So you admit you changed topics midstream. Great.
No that's not what happened, you must have presumed we'd agreed a topic and strict boundaries to our discussion, we didn't.
No, you have ignored it and not rebutted it. You have no basis for disagreeing so you don't account for it and maintain your erroneous position.
That's dogma, blind belief on your part, not reasoned discourse, simply a sequence of repeated blanket rejections.
Your sources are Josephus (in translation) and the Gospels (in translation). You are claiming that the translator (who was he?) used certain words, not that the texts do. That you can't see that is, frankly, sad.
You are encouraged to access the source documents in their original languages and give me your "proper" translation. The piece I quoted is short, so really shouldn't take you very long.
Unless you can
demonstrate a problem in the translation why argue as if you
know there is one? Ah I know, because your modus operandi is to assert things without evidence.
No, I cited biblical verses. You must have had your blinders on so you chose not to see it.
Did you translate them yourself I wonder...
You said the term excludes all the other tribes. And which two Jews? Josephus, whose reputation as a self-serving traitor whose history is suspect and the anonymous gospel writer? Both in translation. I wish you could appreciate how truly funny and pathetic that is.
This is the check-mate of our discussion - the only way to support your claim Josephus is what you describe him to be, is to compare his accounts with
someone else's accounts, yes? This is preposterous, all you are doing now is more unsupported assertions "my sources are better than yours".
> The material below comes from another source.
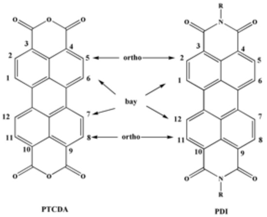 A generic chemical structure for PTCDA and PDI derivatives with the various positions in the chemical structure for functionalization.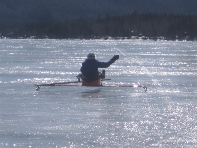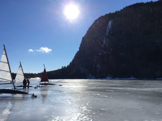 So this is the thing about the place where racing and cruising meet. We call a race on with some kind of informed intelligence, the grapevine humms and people show up to scout the ice. There are old and new friends in the pits, sailing and scouting a course, a general sense of excitement and dread, and then a rowdy table for dinner. Next day maybe it’s a bit cold and windy but you go for a sail anyway, and talk iceboats at lunch and in front of the fire. And another, fuller, even rowdier, table for dinner. Forecasts are discussed, and the search for a good one goes on and on. You sail a bit more in the morning, gauging conditions and discussing the possibilities. Maybe you race, maybe you don’t, but by the end of the weekend you’ve had a great time on the ice. And that’s the bottom line.

You keep wanting to hang your hat on a translation of Josephus. Why?
I'd have thought that was obvious; because it supports my argument about the meaning of "Jew", would you like me to quote Charles Dickens perhaps?
Actually I can and have shown that you are wrong and that you don't understand the language, or in fact how language works.
I do not claim to be a linguist, nor a scholar of Hebrew or ancient Greek, but that does not negate the arguments I've put forward. I'm not concerned about the efficacy of the translations, if you are then do as I suggested, translate them yourself and share with us your translation.
They are not historical terms. They are more recent coinages in English. You really aren't getting it.
Define for me please, what
you understand by the phrase "historical term"?
I ask for some sources, supporting evidence to justify your assertions and you produce - more assertions - yes I am getting it, you have no supporting information for your beliefs, dogmatics have no need of them.